§ **TASK TO CARRY OUT**
Your job is to retype all of the data word for word, leaving every image out.

§ **DATA PROVIDED**

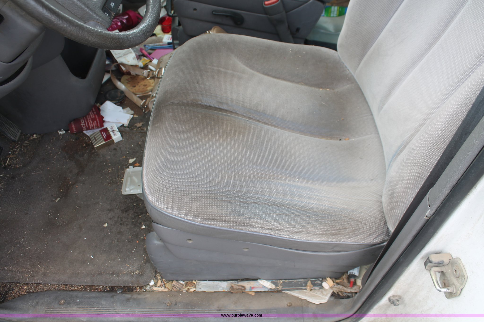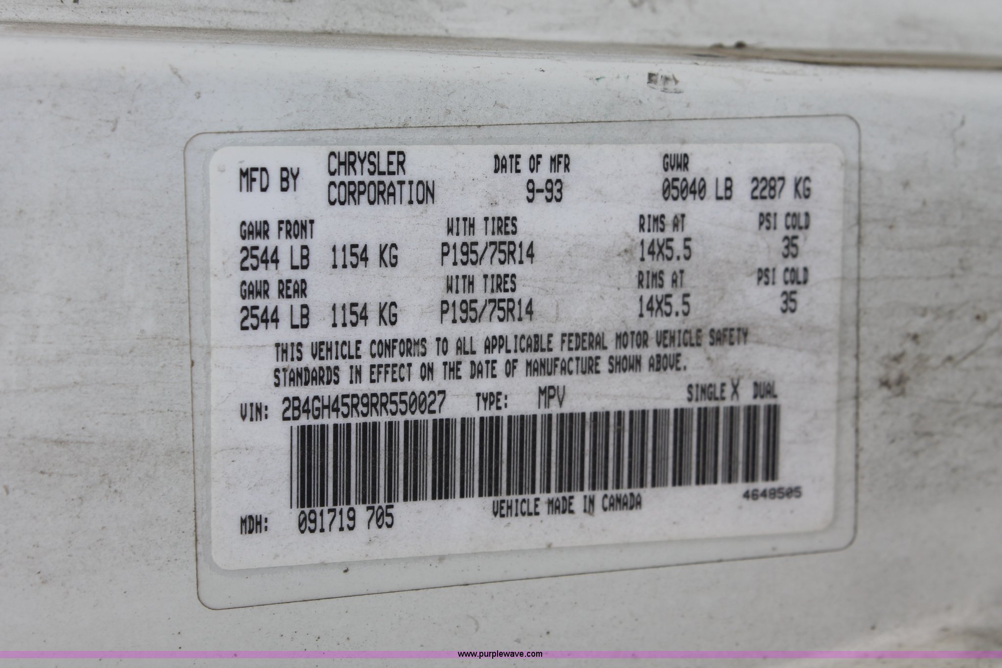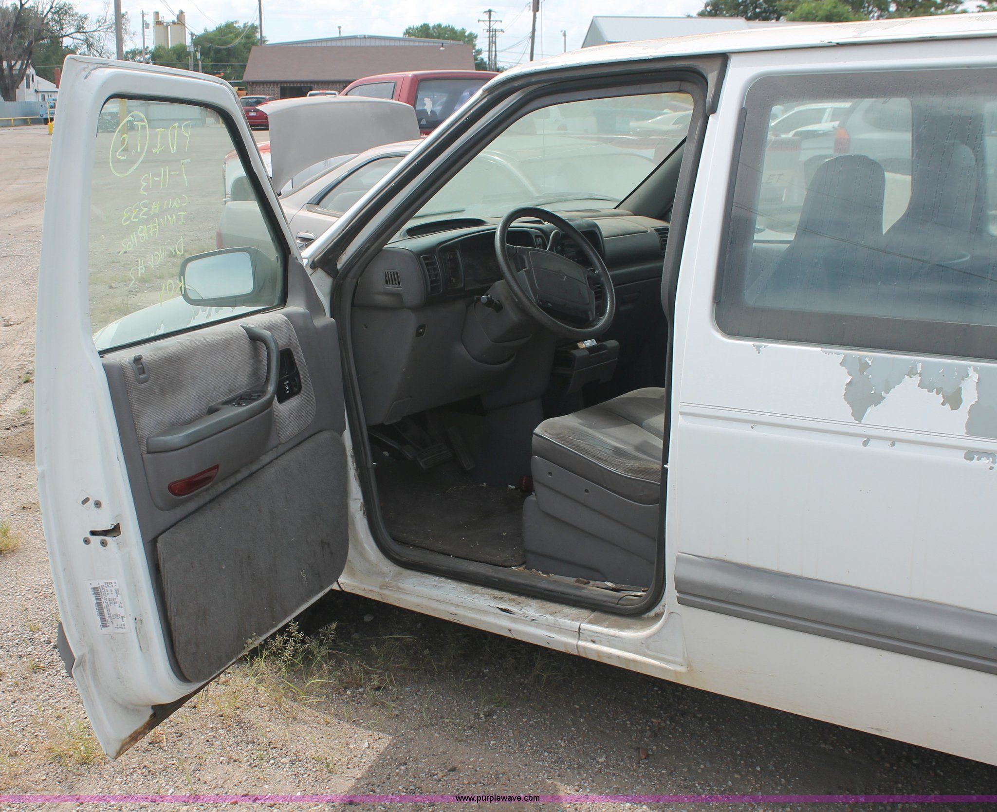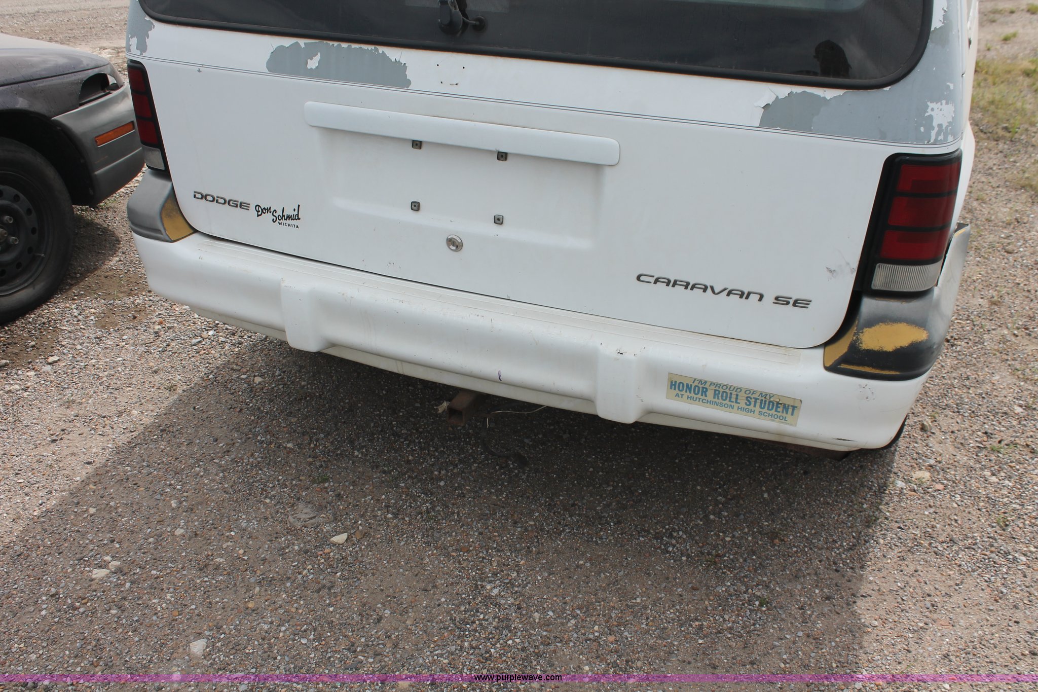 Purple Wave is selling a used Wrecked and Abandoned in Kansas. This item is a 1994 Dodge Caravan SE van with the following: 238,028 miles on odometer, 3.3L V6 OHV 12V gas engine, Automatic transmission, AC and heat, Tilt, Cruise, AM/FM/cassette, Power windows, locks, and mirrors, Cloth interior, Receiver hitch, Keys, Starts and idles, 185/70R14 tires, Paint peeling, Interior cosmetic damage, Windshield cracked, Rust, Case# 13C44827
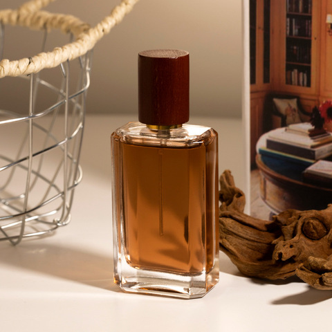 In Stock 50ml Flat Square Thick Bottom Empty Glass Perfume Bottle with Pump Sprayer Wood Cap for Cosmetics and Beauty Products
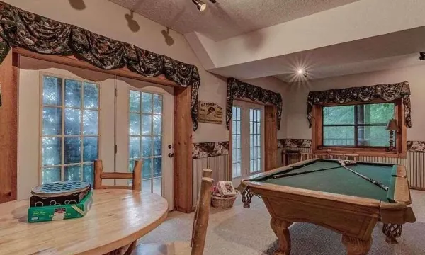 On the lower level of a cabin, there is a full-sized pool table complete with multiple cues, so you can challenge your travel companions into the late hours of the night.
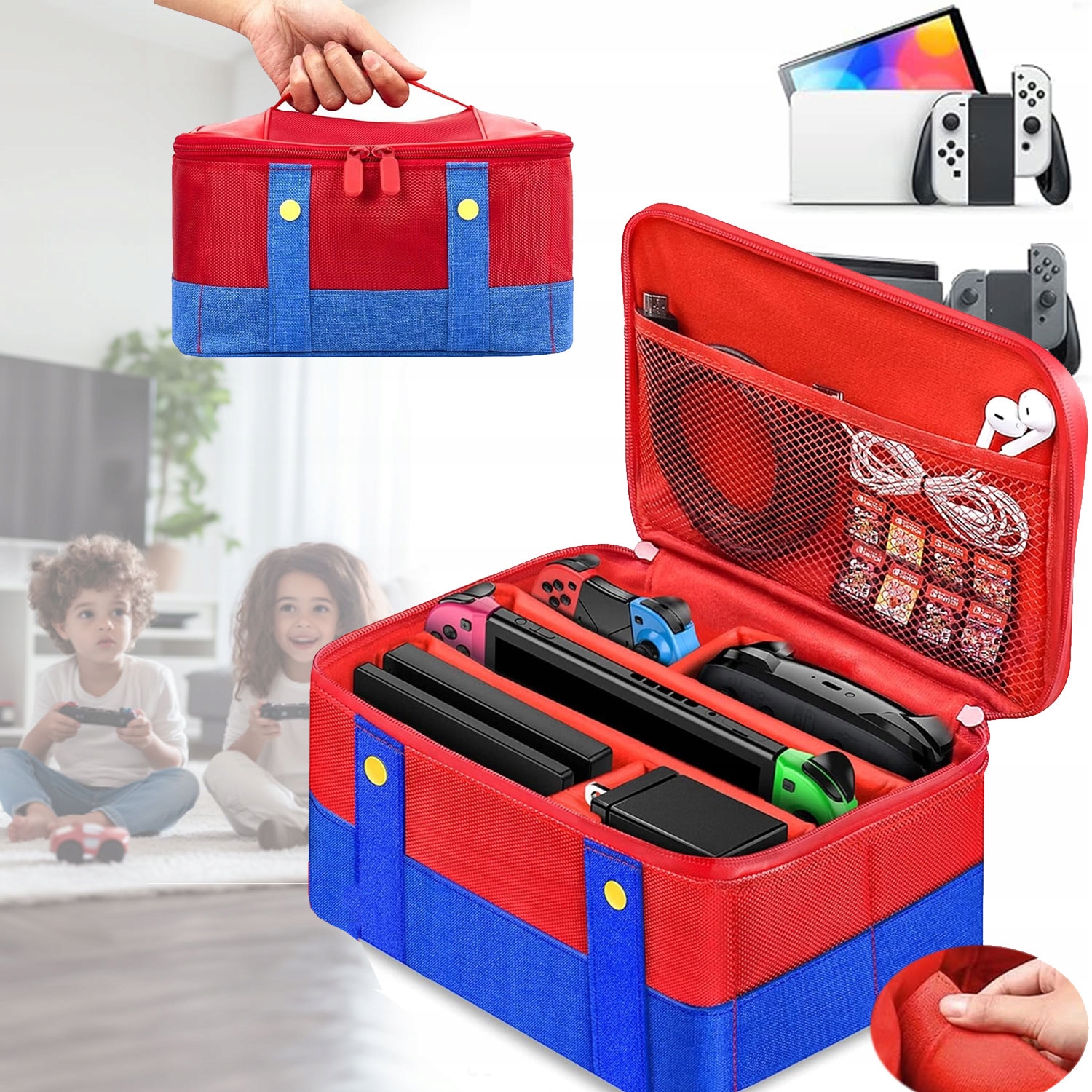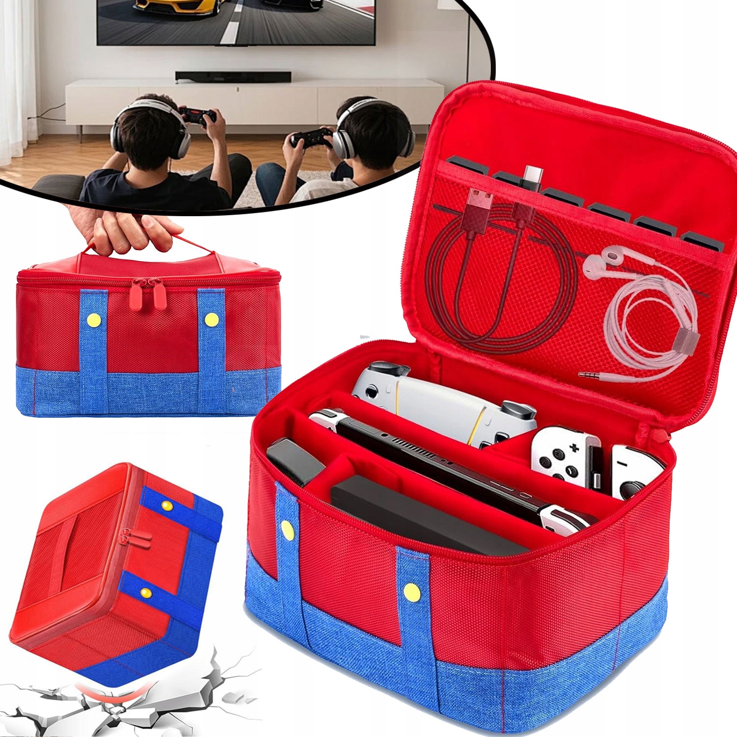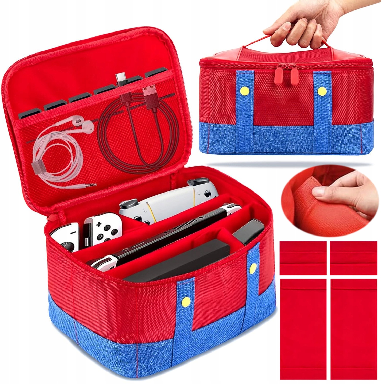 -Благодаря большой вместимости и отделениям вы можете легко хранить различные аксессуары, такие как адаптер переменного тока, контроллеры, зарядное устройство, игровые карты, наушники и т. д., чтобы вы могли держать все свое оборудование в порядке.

§ **RESULT FOR THIS TASK**
 Purple Wave is selling a used Wrecked and Abandoned in Kansas. This item is a 1994 Dodge Caravan SE van with the following: 238,028 miles on odometer, 3.3L V6 OHV 12V gas engine, Automatic transmission, AC and heat, Tilt, Cruise, AM/FM/cassette, Power windows, locks, and mirrors, Cloth interior, Receiver hitch, Keys, Starts and idles, 185/70R14 tires, Paint peeling, Interior cosmetic damage, Windshield cracked, Rust, Case# 13C44827
 In Stock 50ml Flat Square Thick Bottom Empty Glass Perfume Bottle with Pump Sprayer Wood Cap for Cosmetics and Beauty Products
 On the lower level of a cabin, there is a full-sized pool table complete with multiple cues, so you can challenge your travel companions into the late hours of the night.
 -Благодаря большой вместимости и отделениям вы можете легко хранить различные аксессуары, такие как адаптер переменного тока, контроллеры, зарядное устройство, игровые карты, наушники и т. д., чтобы вы могли держать все свое оборудование в порядке.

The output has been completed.